§ WHAT IS BEING ASKED:
Please output exactly the lines below, starting at the line that has "In a new scientific" and ending at the line that has "- Following yesterday’s", both included; leave out all pictures and include nothing else.

§ RECORDS SUPPLIED:
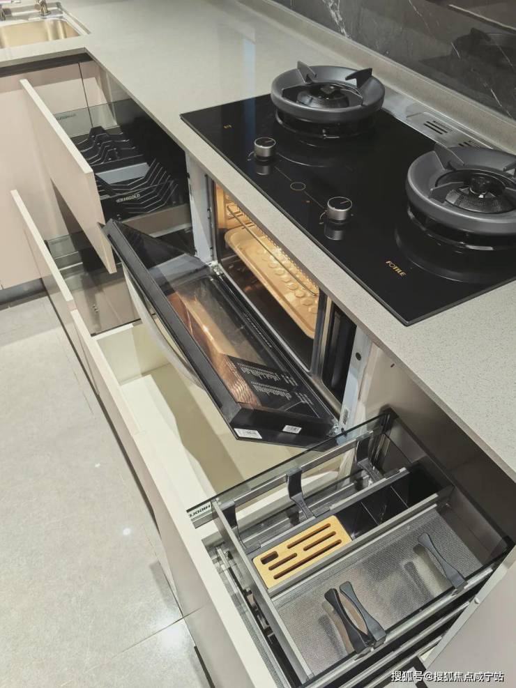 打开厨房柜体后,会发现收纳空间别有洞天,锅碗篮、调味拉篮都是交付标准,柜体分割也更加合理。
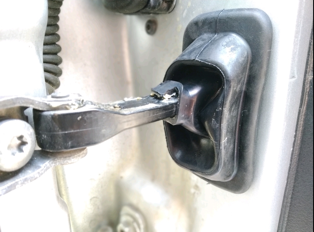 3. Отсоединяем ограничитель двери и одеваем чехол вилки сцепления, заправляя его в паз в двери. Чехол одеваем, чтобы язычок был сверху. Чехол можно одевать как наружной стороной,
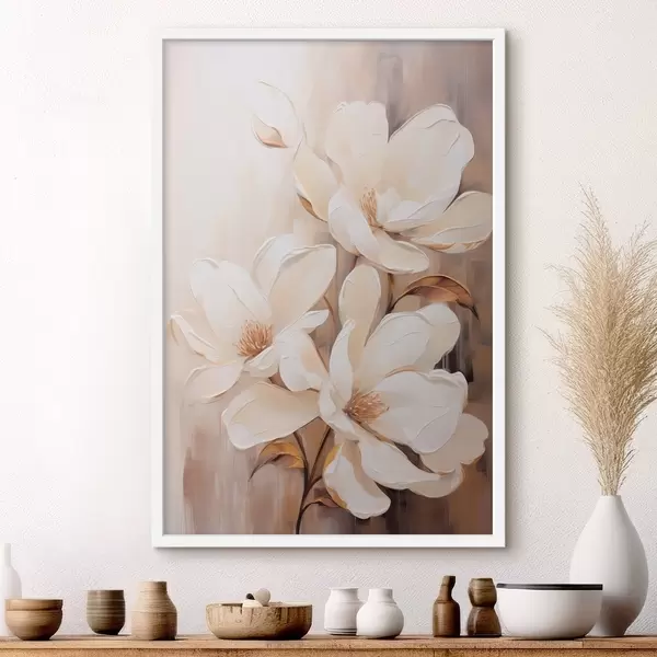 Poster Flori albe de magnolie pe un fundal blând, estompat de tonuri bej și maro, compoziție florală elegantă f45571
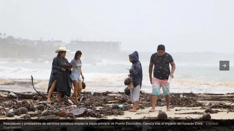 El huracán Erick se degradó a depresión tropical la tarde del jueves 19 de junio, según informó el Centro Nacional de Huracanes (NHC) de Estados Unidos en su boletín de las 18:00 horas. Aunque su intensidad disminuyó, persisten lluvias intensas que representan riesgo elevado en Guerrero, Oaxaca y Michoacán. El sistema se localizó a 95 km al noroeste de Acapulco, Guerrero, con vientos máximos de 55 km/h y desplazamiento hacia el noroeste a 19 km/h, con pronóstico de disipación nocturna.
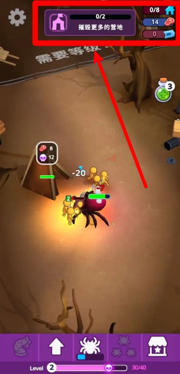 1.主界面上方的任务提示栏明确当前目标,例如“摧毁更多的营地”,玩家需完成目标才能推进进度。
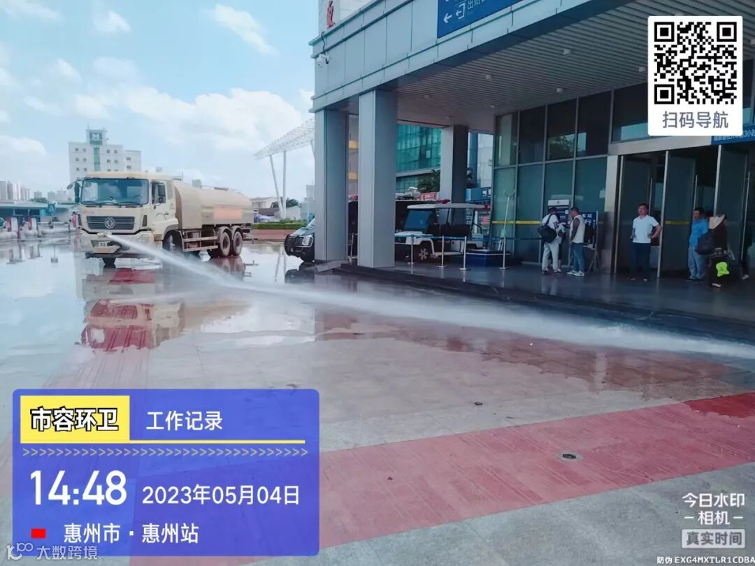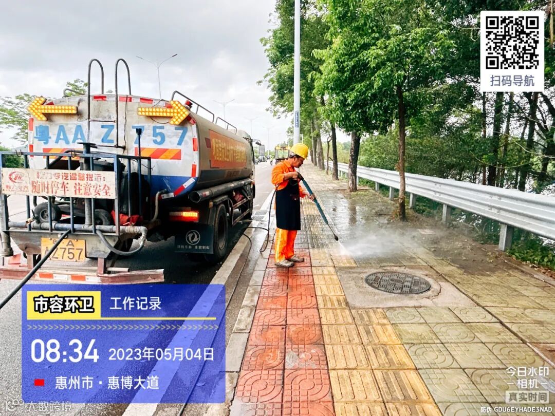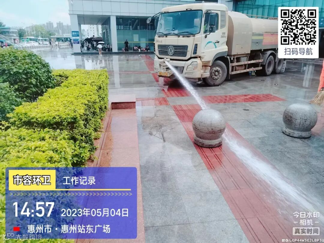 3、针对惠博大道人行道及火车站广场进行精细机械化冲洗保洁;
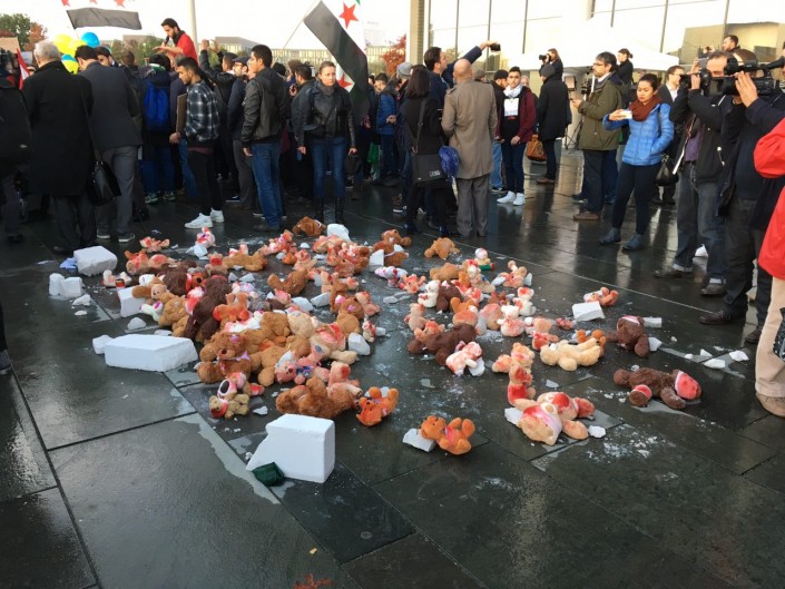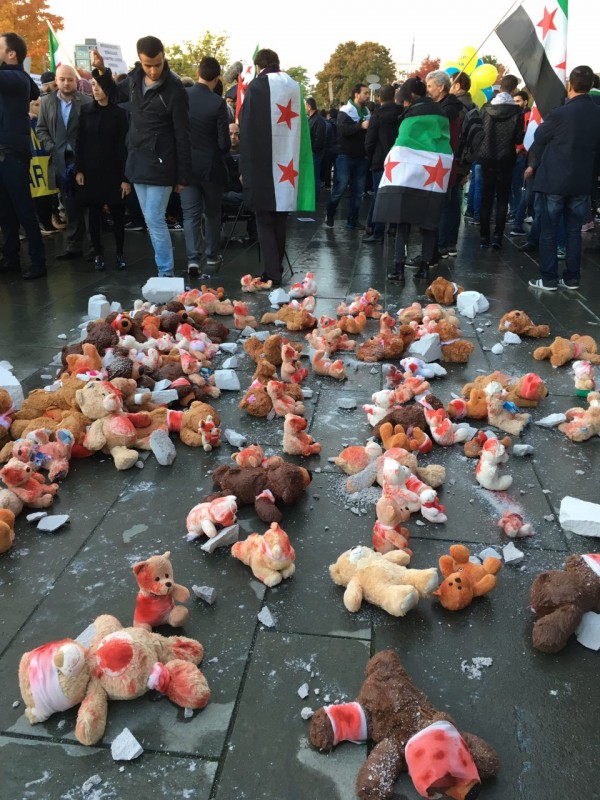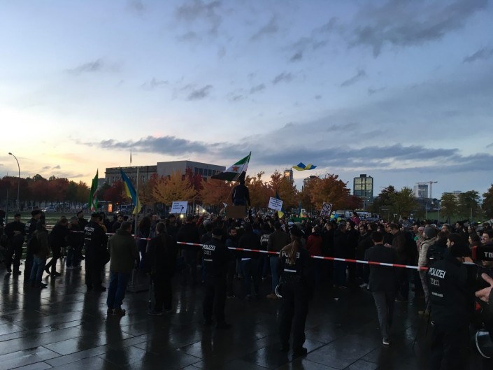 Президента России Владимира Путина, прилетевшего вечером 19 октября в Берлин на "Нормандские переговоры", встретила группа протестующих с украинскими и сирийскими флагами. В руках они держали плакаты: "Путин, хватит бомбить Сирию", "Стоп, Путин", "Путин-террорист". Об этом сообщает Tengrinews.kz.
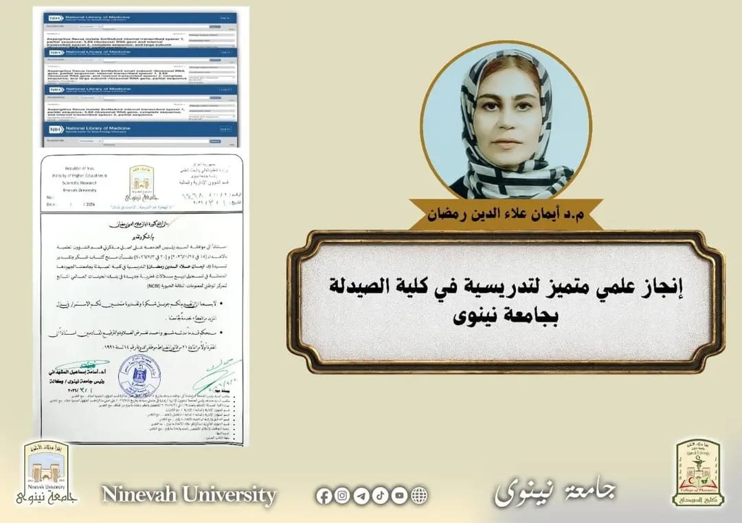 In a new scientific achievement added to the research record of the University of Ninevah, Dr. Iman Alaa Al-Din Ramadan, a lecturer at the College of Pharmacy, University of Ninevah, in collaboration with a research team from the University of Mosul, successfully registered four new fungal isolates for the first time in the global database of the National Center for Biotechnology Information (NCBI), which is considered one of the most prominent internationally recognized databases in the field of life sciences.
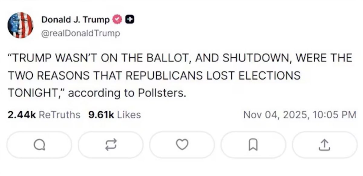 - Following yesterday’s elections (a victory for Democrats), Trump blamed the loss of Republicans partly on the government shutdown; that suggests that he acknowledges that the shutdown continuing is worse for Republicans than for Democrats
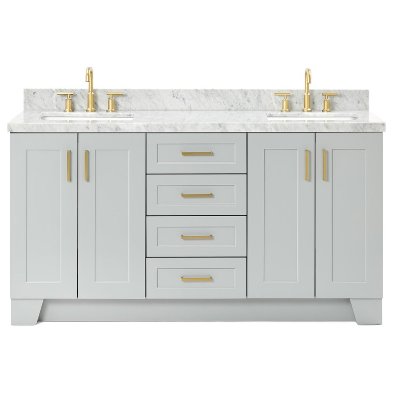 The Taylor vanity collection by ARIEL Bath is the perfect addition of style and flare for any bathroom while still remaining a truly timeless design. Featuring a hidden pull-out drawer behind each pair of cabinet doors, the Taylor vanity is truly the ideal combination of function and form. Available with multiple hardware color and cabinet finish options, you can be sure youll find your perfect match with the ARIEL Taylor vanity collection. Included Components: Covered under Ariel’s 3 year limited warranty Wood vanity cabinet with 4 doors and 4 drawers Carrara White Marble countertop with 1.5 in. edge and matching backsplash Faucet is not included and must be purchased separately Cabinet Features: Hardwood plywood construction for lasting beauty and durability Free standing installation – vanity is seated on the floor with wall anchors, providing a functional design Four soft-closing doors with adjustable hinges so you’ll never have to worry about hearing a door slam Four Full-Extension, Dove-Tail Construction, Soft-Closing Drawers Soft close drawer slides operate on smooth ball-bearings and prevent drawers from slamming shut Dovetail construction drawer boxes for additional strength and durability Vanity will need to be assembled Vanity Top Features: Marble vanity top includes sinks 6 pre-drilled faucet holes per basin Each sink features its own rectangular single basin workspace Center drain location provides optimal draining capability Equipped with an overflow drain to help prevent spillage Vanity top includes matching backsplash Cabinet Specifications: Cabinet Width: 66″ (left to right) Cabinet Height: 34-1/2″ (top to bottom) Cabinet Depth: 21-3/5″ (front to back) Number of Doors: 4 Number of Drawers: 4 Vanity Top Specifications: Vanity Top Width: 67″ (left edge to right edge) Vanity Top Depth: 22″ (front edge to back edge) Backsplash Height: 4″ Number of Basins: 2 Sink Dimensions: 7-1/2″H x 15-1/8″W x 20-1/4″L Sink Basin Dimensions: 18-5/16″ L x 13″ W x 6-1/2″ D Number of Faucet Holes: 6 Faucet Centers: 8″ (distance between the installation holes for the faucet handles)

§ ANSWER AREA:
 In a new scientific achievement added to the research record of the University of Ninevah, Dr. Iman Alaa Al-Din Ramadan, a lecturer at the College of Pharmacy, University of Ninevah, in collaboration with a research team from the University of Mosul, successfully registered four new fungal isolates for the first time in the global database of the National Center for Biotechnology Information (NCBI), which is considered one of the most prominent internationally recognized databases in the field of life sciences.
 - Following yesterday’s elections (a victory for Democrats), Trump blamed the loss of Republicans partly on the government shutdown; that suggests that he acknowledges that the shutdown continuing is worse for Republicans than for Democrats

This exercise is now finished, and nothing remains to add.